Ну еще бы. Кодовое слово – Зиглинда.
– Видите ли, тот взрыв на верфи стал делом моей чести. Мое положение позволяло мне большую свободу действий, чем любому официальному расследованию. С одной стороны, я дочь высокопоставленного чиновника, с другой – сотрудник… ну, вы понимаете. Элементарно больше возможностей, ресурсов и источников информации.
Брюс неслышно вздохнул. Одной из ее возможностей был он сам. И ни малейшего раскаяния: сильным свойственно использовать… эээ… ресурс. Потому они и сильные. Их совесть это допускает. Просто сейчас… сейчас что-то изменилось: он стал спокойнее это воспринимать. К тому же у него возникло подозрение, что и отцу и отчиму не внове, когда их используют. Мужчины семьи всегда кому-нибудь служили, а он первый, кто вырос совершенно свободным. А хорошо это или плохо? Да кто ж его знает.
– Источником катастрофы стал недопустимый маневр некоего космического корабля, вышедшего из гиперпространства в гравитационном поле планеты. Согласно поднятой документации, корабль был оснащен прыжковыми двигателями Брауна-Шварца на основе кристаллов, поставляемых «Седьмой гранью».

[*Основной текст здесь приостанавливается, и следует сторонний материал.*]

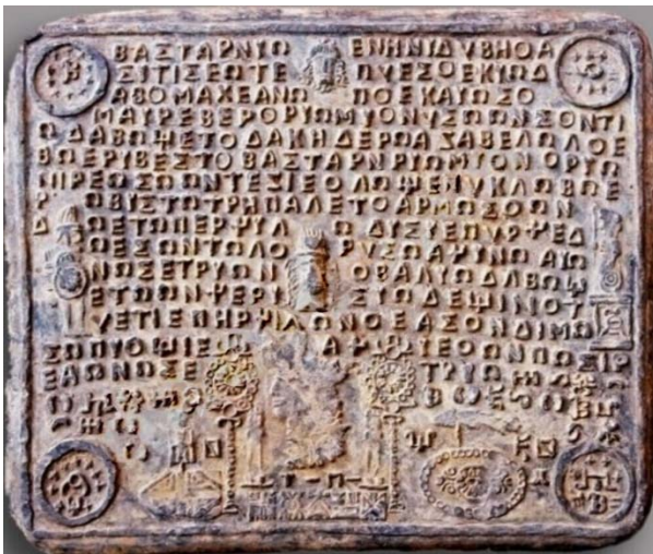
Fig. 1. Tăblița 126. Hotărârea lui Burebista referitoare la bastarni.

însuși, în tăblița cu numărul 126 (figura 1), conform numerotației utilizate în cartea lui Romalo [1]. Poate părea incredibil, însă această tăbliță este cu claritate opera lui Burebista, deoarece conține o hotărâre, prin care li se conferă bastarnilor dreptul de a locui în partea de sud a Dobrogei, în zona localității Marchianopol. Este posibil ca această hotărâre să fi constituit unul din motivele nemulțumirilor, care au dus la

– Хотите сказать, это наши кристаллы?
– «Седьмая грань» – организация крайне любопытная в плане галактического аудита, а потому мне достаточно легко предоставили необходимые полномочия. Моей… скажем так, целью было доказать, что двигатель не отвечает условиям безопасности, и добиться снятия этой модели с производства. Если, конечно, дело вообще в двигателе.
– А дело действительно в нем? – спросил Норм.
– Это рабочая версия, требовавшая подтверждения. Я знаю все про эту несчастную посудину. Состав экипажа, оклады, личные характеристики, семейные обстоятельства…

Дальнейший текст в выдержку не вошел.